▶ TASK INPUTS
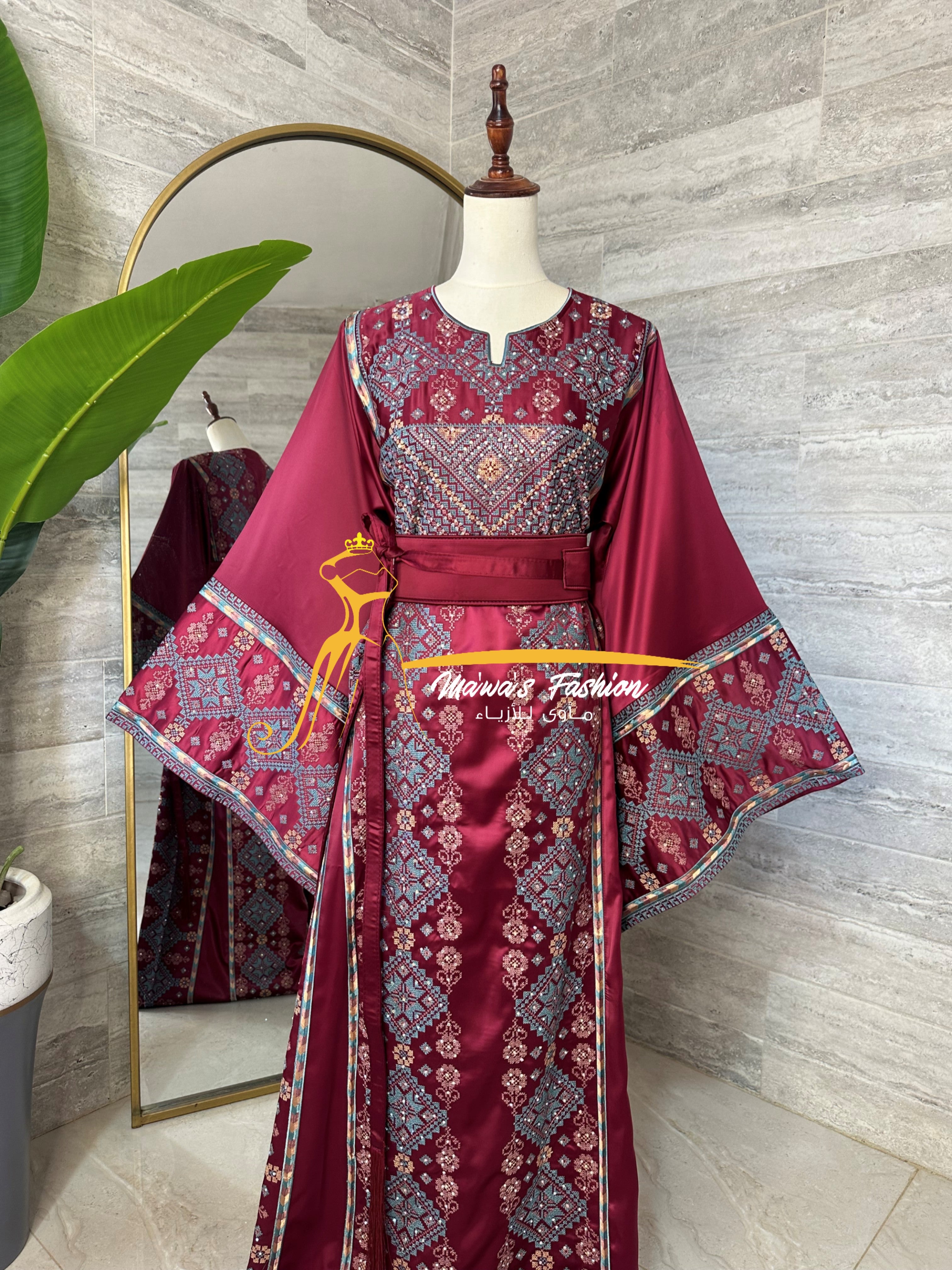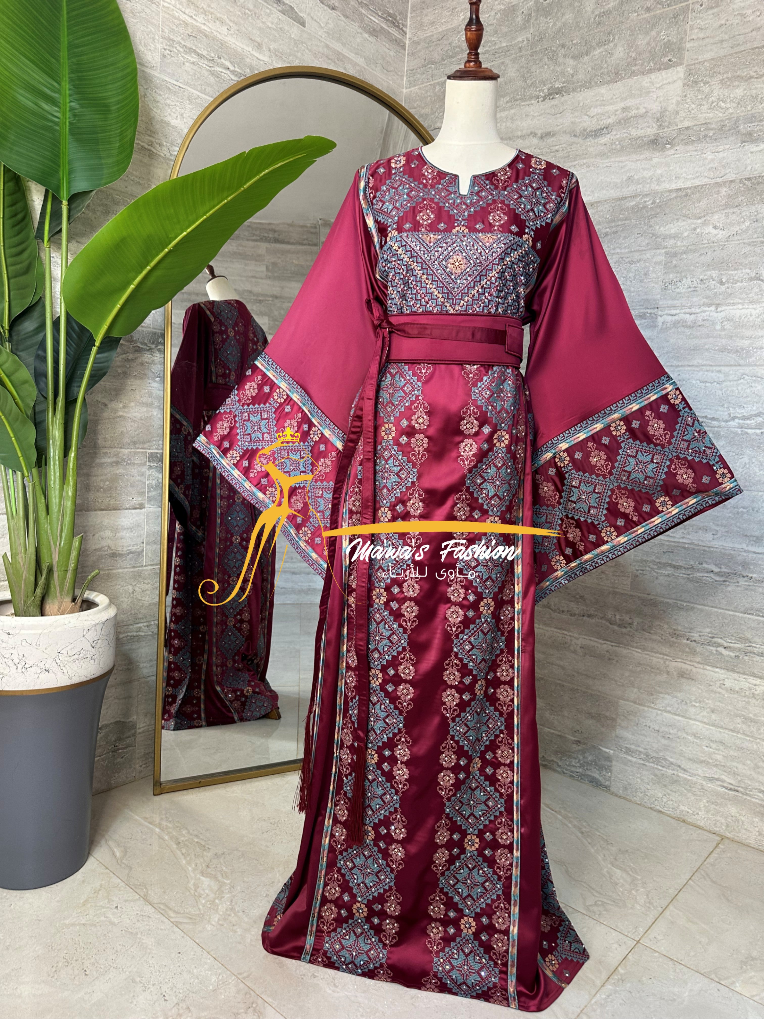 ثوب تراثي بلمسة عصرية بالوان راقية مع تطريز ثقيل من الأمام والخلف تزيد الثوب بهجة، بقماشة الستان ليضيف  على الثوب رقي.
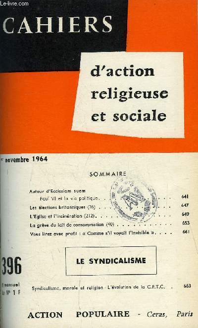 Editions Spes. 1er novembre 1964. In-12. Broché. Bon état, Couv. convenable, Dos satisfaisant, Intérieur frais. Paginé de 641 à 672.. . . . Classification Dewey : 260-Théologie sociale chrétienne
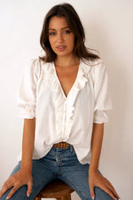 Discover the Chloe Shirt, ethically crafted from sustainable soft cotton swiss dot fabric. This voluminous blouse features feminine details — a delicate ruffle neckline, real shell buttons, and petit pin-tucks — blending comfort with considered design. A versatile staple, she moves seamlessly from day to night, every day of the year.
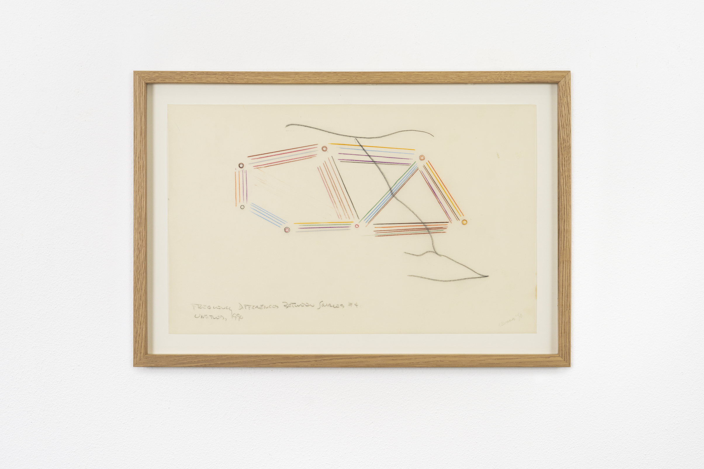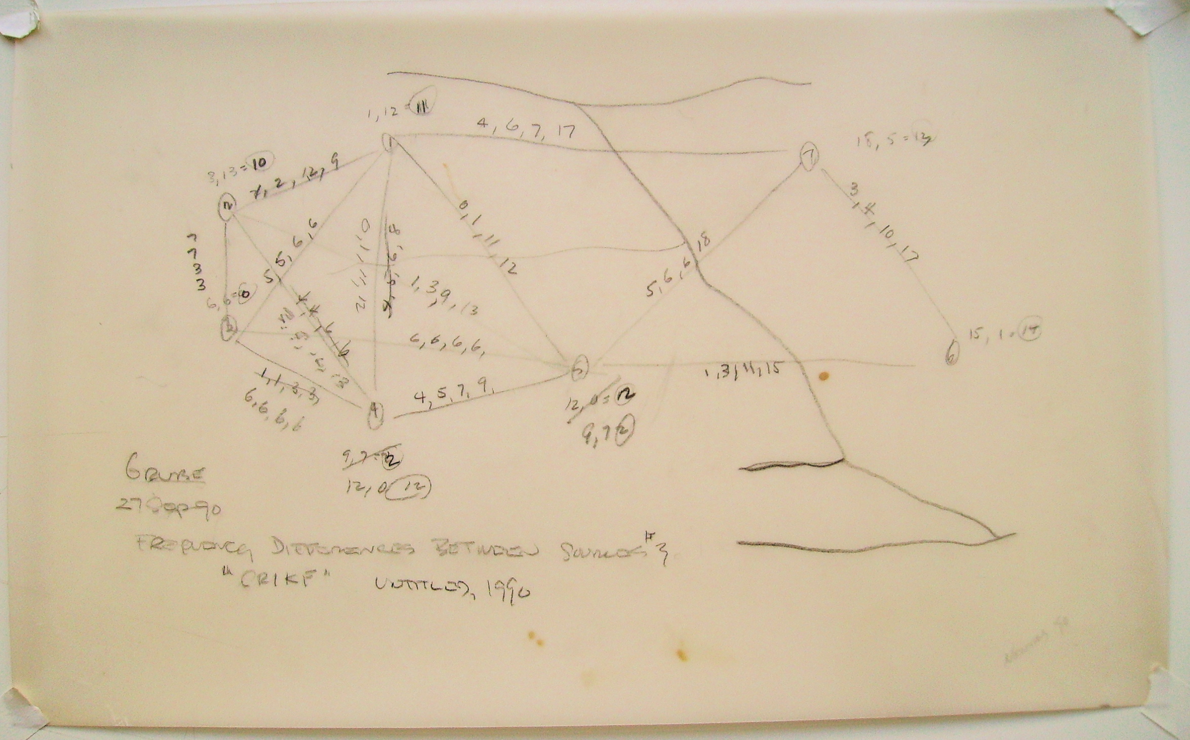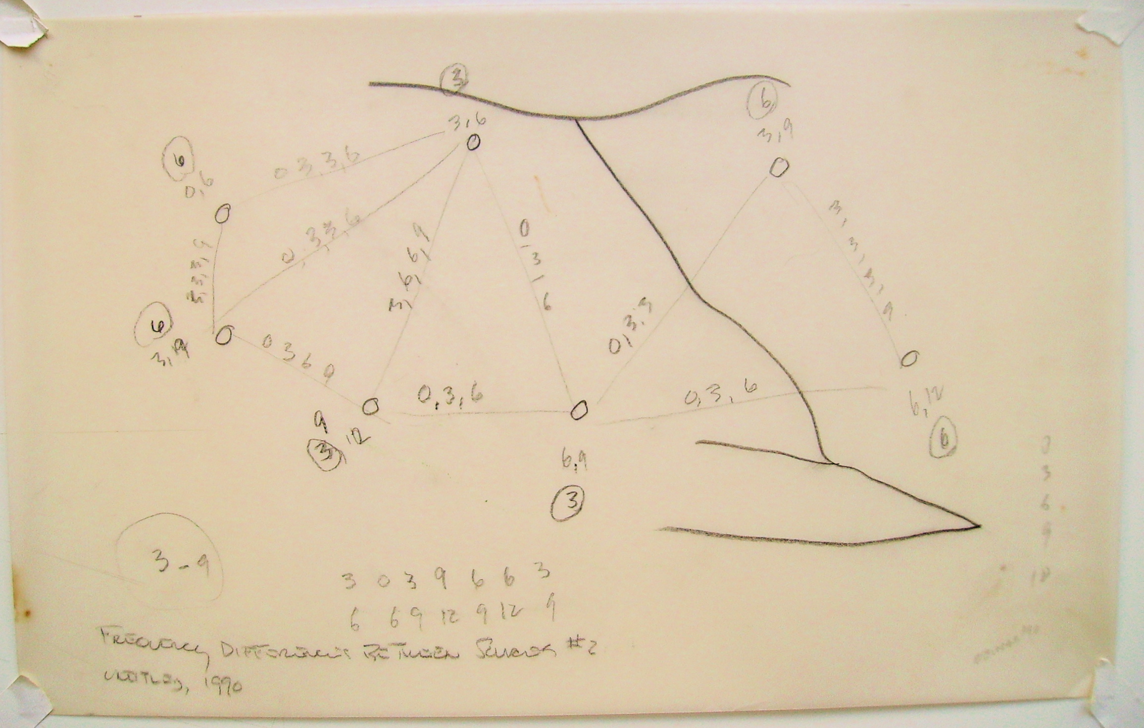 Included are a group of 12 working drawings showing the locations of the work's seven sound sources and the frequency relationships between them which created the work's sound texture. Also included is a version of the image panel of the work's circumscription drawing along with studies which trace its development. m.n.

---

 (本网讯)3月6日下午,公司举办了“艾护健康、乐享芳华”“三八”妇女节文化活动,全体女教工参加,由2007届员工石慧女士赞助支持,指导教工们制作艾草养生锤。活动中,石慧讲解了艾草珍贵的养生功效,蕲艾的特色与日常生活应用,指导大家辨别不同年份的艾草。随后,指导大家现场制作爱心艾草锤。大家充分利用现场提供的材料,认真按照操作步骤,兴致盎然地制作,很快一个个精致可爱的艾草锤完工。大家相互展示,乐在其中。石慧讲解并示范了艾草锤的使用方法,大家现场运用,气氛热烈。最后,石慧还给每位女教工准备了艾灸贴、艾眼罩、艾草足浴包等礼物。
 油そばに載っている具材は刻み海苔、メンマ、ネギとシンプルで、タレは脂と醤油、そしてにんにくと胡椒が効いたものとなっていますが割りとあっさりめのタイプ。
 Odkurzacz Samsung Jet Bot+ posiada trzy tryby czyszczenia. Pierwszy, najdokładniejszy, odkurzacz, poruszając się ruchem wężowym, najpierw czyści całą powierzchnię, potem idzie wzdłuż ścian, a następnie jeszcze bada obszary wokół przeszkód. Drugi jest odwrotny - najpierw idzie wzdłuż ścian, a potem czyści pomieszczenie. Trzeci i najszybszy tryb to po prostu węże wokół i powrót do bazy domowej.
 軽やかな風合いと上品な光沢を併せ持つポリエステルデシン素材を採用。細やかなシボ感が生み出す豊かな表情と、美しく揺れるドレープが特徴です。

▶ PROBLEM DETAILS
From the records above, copy only the lines running from the line containing "ثوب تراثي بلمسة" to the line containing "Editions Spes. 1er", both ends included. Leave the pictures out.

▶ ANSWER SPACE
 ثوب تراثي بلمسة عصرية بالوان راقية مع تطريز ثقيل من الأمام والخلف تزيد الثوب بهجة، بقماشة الستان ليضيف  على الثوب رقي.
 Editions Spes. 1er novembre 1964. In-12. Broché. Bon état, Couv. convenable, Dos satisfaisant, Intérieur frais. Paginé de 641 à 672.. . . . Classification Dewey : 260-Théologie sociale chrétienne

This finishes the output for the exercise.